If all of that is not enough, the governor and the Democrats are also gambling that the recent process of closing the budget gap has not permanently ruptured the relationship between the two parties in Augusta to the point that they cannot work together. While few state policy issues compare in importance to health care, other crucial issues do loom, issues on which Democrats and Republicans must cooperate to achieve progress.

The reason Gov. Baldacci is willing to gamble on all of this – his relationship with Republicans, state budgetary ruin, etc. – is that he is rolling the dice for the future of health care in Maine. His Dirigo Plan may not be perfect, but it is the only plan that exists. If it fails, the health care free-for-all that currently functions as the state’s health plan will continue unabated to disaster, including financial disaster.

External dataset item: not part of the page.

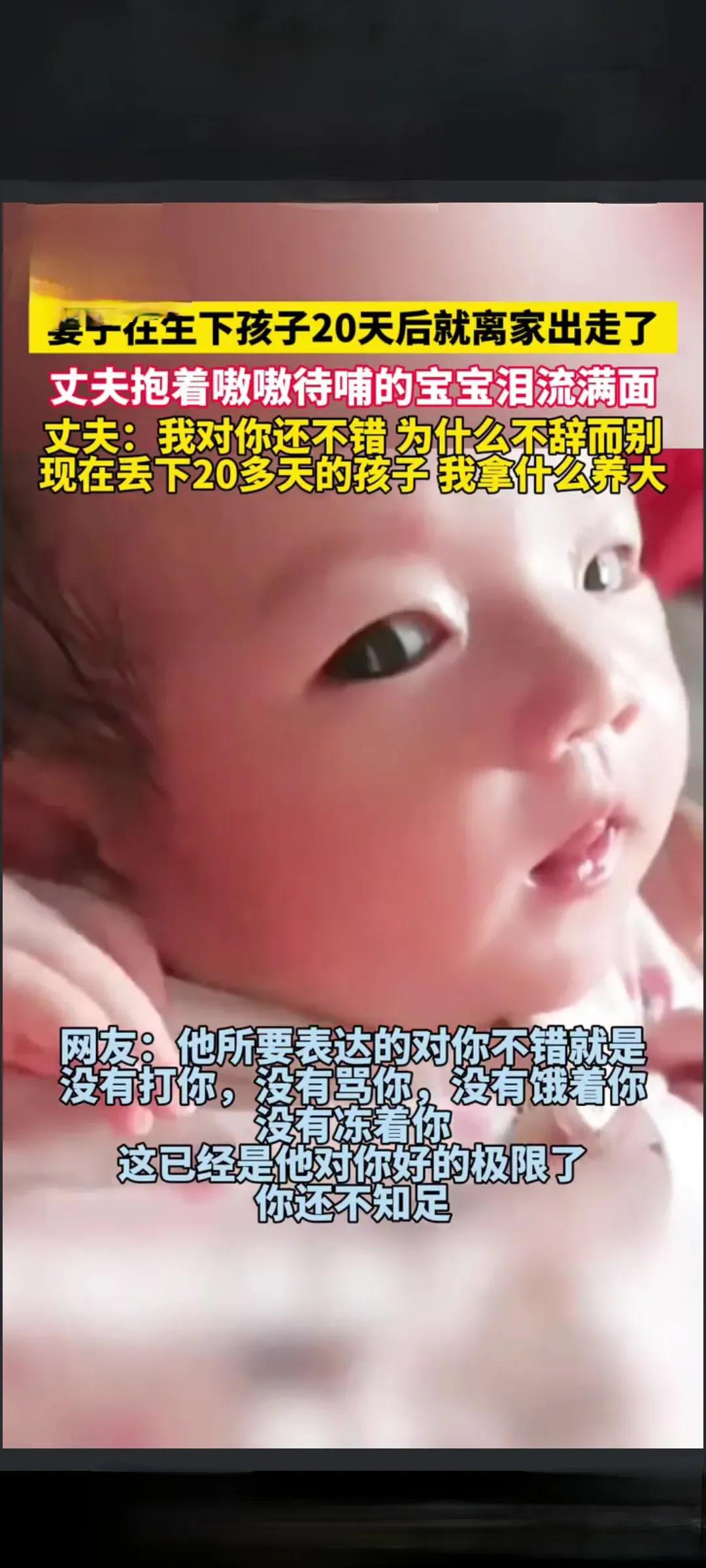 妻子生下孩子后,20天离家出走。 丈夫抱着婴儿在街头痛哭,质问:我对你有什么不好,你为什么不辞而别?妻子离家出走,丈夫如此伤心,实在令人意外。这也能说明一点,丈夫心里还是爱着妻子的,只是爱了没有用对地方罢了。 你说,我对你这么好,你为什么要离开我?这种“好”真的可以用来挽留吗?在婚姻中,“好”与“爱”不是同一个概念。“好”只是给予基本的生存保障,比如衣食住行。“好”的最高级表现,是把对自己的要求放低,把对伴侣的要求提高,以至于忘记伴侣也是一个独立的人,有自己的喜怒哀乐和生老病死。“好”的这种无私奉献,在很多人看来,就是爱。 可是,这种“好”能给人温暖吗?温暖的标准是什么?应该是心里感觉到的吧。夫妻之间的责任,大多是这种“好”构成的;夫妻之间的爱,却不能缺少温暖的陪伴。 可惜,有的人把责任当作爱的表现,习惯了责任,就觉得习惯就是深爱,忘记了付出温暖。责任和爱,在婚姻中都是不可缺少的元素。 但是,当婚姻沦为只讲生存底线时,还有谁能感受到归属感呢? 麻烦看官老爷们右上角点击一下“关注”,既方便您进行讨论和分享,又能给您带来不一样的参与感,感谢您的支持!

By comparison, Gov. Baldacci feels that risking untold millions in red ink along with the permanent ire of Republicans legislators is worth every bit of political mud wrestling and every sleepless night. He and other Dirigo plan supporters rightly fear that if they blink, if they pause in the march to implementation, the plan will be torn apart like a big carcass on the African plains. That, too, would be a disaster costing Maine untold millions in runaway health care costs.

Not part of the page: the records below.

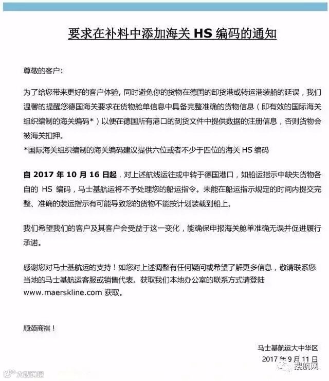 马士基已发布相关通知,规定从10月16日起,要求出口到德国或者中转于德国港口的货物必须提供货物各自的HS编码。如未能提供,将不予处理货主的船运指令。
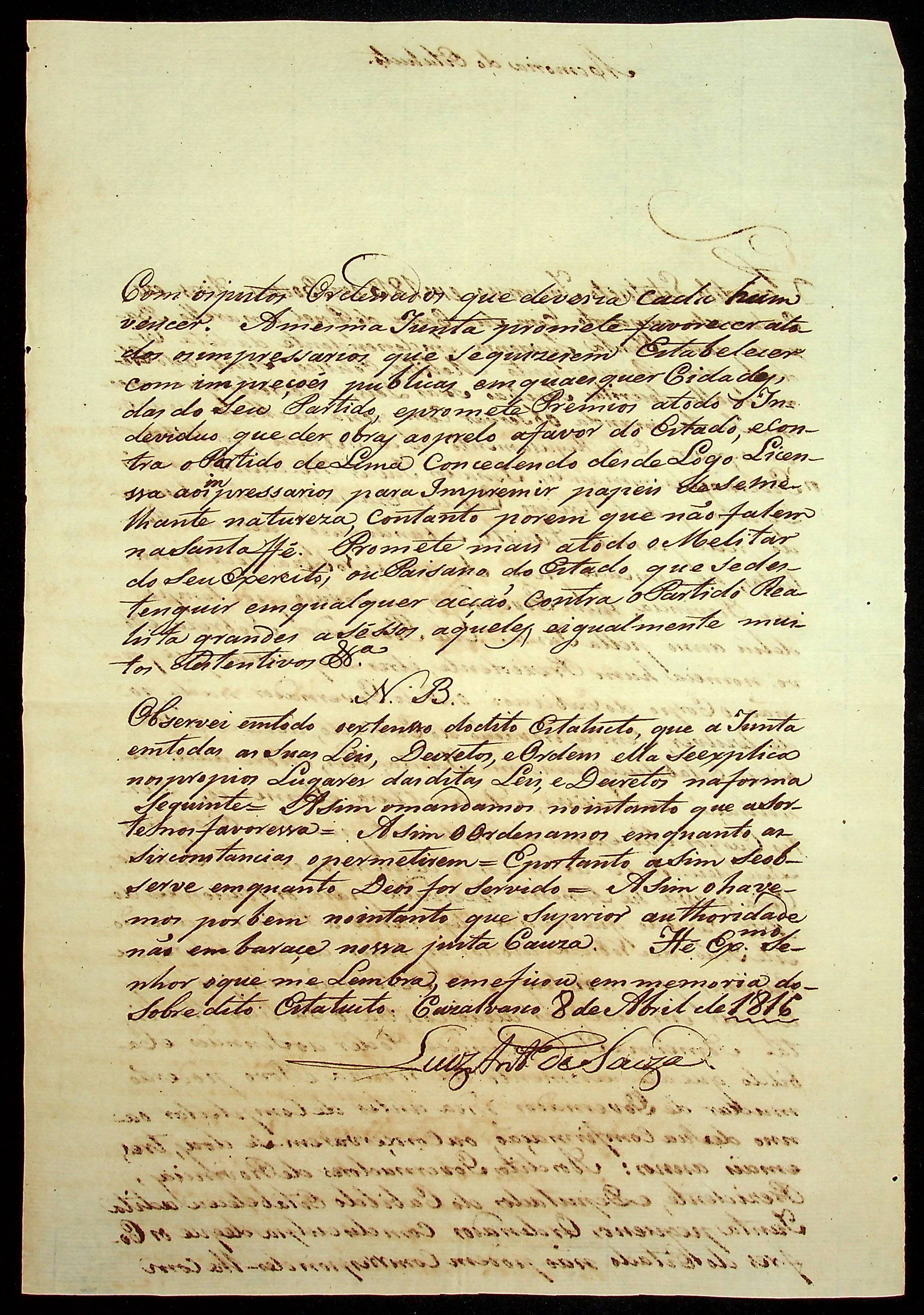 CARTA do Alferes Comandante Luiz Antônio de Souza ao [Governador e Capitão-General da Capitania de Mato Grosso] João Carlos Augusto d’Oeynhausen e Gravenberg.
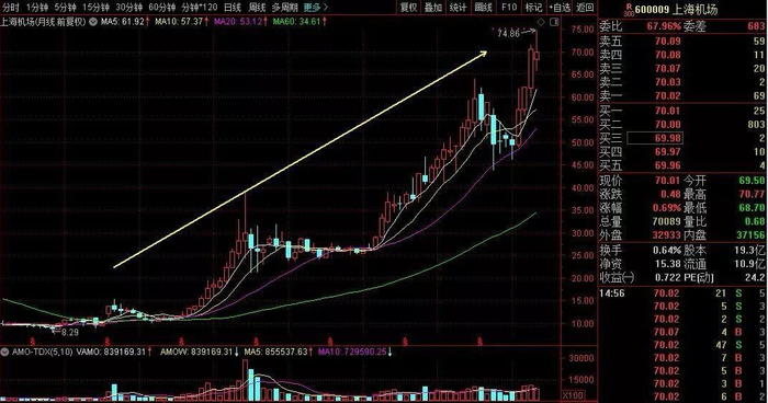 前几天分析的都是一路走低的伪“白马”!今天看到上海机场的走势才能真正体会到一路上行带来的白马气息。

The Baldacci administration and the Democrats are gambling that the Medicaid expansion and the Dirigo plan will ultimately bring in additional money and health care cost containment. That in turn would protect the state budget against the effects of the Medicaid expansion, and protect the state’s economy against the debilitating effects of runaway health care costs. If they are right, they will be applauded, all will be forgiven, and state governments around the country will be asking for the Dirigo recipe. If they are wrong, Baldacci and the Democrats will be guilty of having set the state’s budgetary tail on fire in the vain hope that the flames of Medicaid cost increases could be controlled before our fiscal assets get cooked.

At this point, the budget is done, the dice have been rolled, and all we can do is hope that Gov. Baldacci has not rolled craps. And we thought this governor did not support gambling in Maine.

Erik Steele, D.O. is a physician in Bangor, an administrator at Eastern Maine Medical Center, and is on the staff of several hospital emergency rooms in the region.